“I passed the whole strength of sixty cups through it to show you its action. Ordinarily, with one or two carbon cells, and refining the current by triple induction, the temperature is barely blood-warm.”

“Pardon an interruption,” said Ronald. “You spoke of liquid carbon; does it exist?”

“Yes; here is some in this phial. See it—how pure, how transparent! how it loves and hoards the light!” The old man held the phial up as he spoke, and turned it round and round. “See how it flashes! No wonder, for it is the diamond, liquid and uncrystallized. Think how these fools of men have called diamonds precious above all gems through these many weary years, and showered them on their kings, or tossed them to their mistresses’ feet, never dreaming that the silly stone they lauded was inert, crystallized life!”

“Can’t you crystallize diamonds yourself?” asked Wyde, “and make Freiberg a Golconda and yourself a Crœsus?”

“It could be done, after the lapse of thousands of years,” replied Herr Lebensfunke. “Place undiluted liquid carbon in that inner globe, keep the coil at a white heat, and if Adam had started the process, his heir-at-law would have a koh-i-noor to-day, and a nice lawsuit for its possession.”

Ronald Wyde bent toward the globe once more and examined the throbbing mass closely, whistling softly meanwhile.

“If you can create this cellular life, why not develop it still higher into an organism?”

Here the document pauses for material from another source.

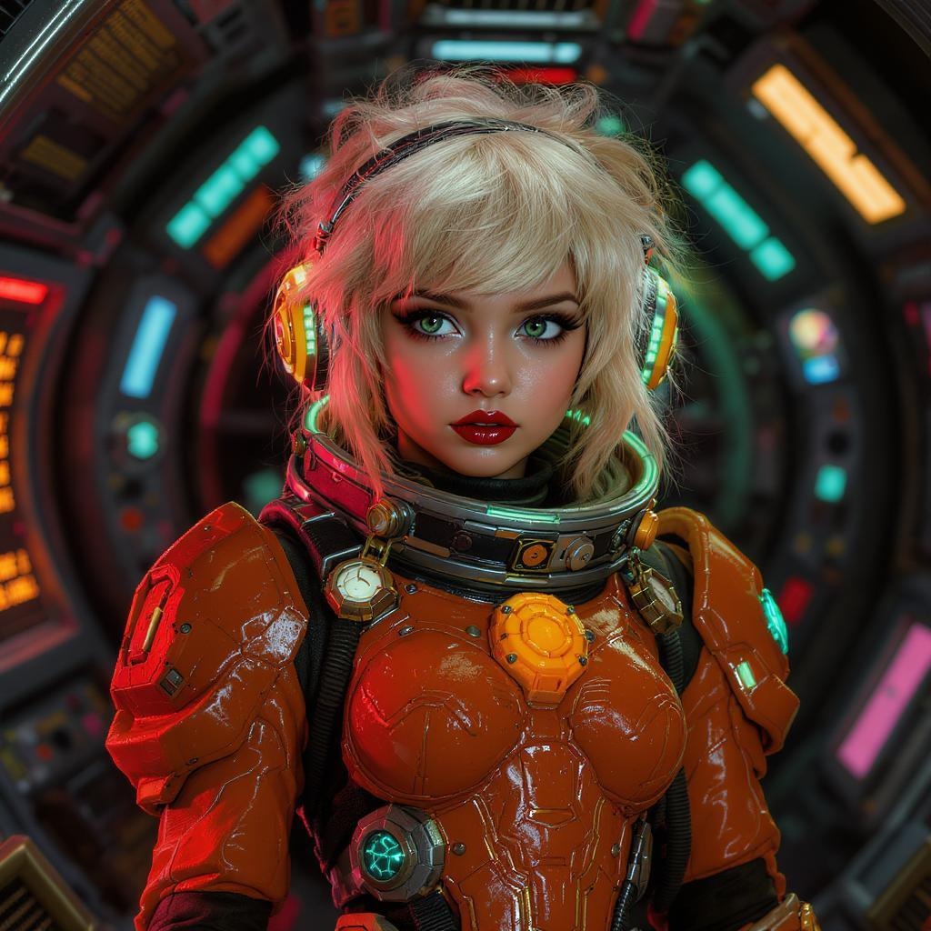 Intricate hyperdetailed steampunk spaceship interior with a cinematic shot focusing on the upper body, perfectly centered and shot with a 100mm lens. Depict an award-winning, dynamic pose featuring a cute girl with striking features, her blonde fluffy hair meticulously detailed. She's dressed in an intricately designed orange and green steampunk fantasy space suit that catches every eye. Her face is hyperdetailed, featuring gloss lips, enhanced by cinematic lighting and enveloped in volumetric lighting. The scene benefits from studio lighting, creating captivating neon reflections and global illumination. Soft shadows and bold contrast enhance vivid colors throughout, while subtle creative additions highlight her character within this vivid steampunk fantasy setting.

“Because I can only create life—not soul. Years ago I was a freethinker, now my discoveries have made me a deist; for I found that my cells, living as they were, and possessing undoubted parietal circulation, were not germs; and though they might cluster into a bulk like this, as bubbles do to form froth, to evolve an animal or plant from them was far beyond me; that needs what we call soul. But, in searching blindly for this higher power, I grasped a greater discovery than any I had hoped for—the power to isolate life from its bodily organism.”

“You have to keep the bottle carefully corked, I should imagine,” laughed Ronald.

“Not quite,” said Herr Lebensfunke, joining in the laugh. “Life is not glue. My grand discovery is the life-magnet.”